“……”
陈念没精打采地扬起脑袋,顺手把路过的今今揪过来按在腿上,一起坐牢。
小东西对他的戒指很感兴趣,一直用鼻子拱来拱去。陈念偷偷教训它:“这也想吃?你个小煤气罐,什么都馋。都胖成……”
“……是胖了点喔。”薛燕华也在那边说。
但她看的,是陈念。
“最近过得还不错,是吧?”
她语气中莫名有几分小心翼翼,像生怕听到否定的答案。
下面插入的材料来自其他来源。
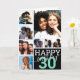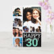This cool and cute happy birthday greeting card is perfect for any friend or family member. It features eight customizable photograph pictures with the quote, "Happy Birthday," in white on top of a bright mint green "30" (which can be changed to any age) and black color block square. It's modern, fun, and a great way to let wish your friend or family member a great birthday.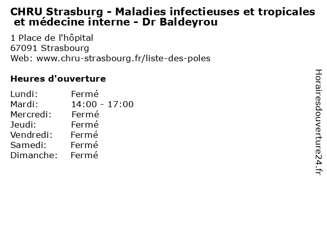 Termes de recherche pour CHRU Strasburg - Maladies infectieuses et tropicales et médecine interne - Dr Baldeyrou:et, bureau, med, medecine, maladie, traitement, interne, médecin, consultation, dr, pratique, chru, maladies, therapie, infectieuses, tropicales, strasburg, baldeyrou |

陈念鼻腔一酸,他用力眨了眨眼。
“挺好的,妈,我真挺好的。他……他没欺负我,谈恋爱也是他问我要不要答应。”他看着屏幕上的妈妈,认真地说,“我答应他了。”
“……”
阁楼上的靴子终于落下来。薛燕华嘴唇抿了又抿,最终却也说不出什么话。
“你好好的,念念。”她只能反复地讲,“你好好的就行,妈妈什么都不求,你记住啊。”
陈念给她说得眼看要哭,抱着今今一个劲儿低头。
身后有脚步声轻轻过来,一双手按在他肩头,安抚般握了握。
另一枚戒指也出现在屏幕上。傅非臣弯腰,亲了亲陈念蓬乱的发顶。
像是个无声的承诺。
对薛燕华,对陈念,对他自己。
会好好的。他的念念,会一直好好的。
这辈子,不会再有任何波折。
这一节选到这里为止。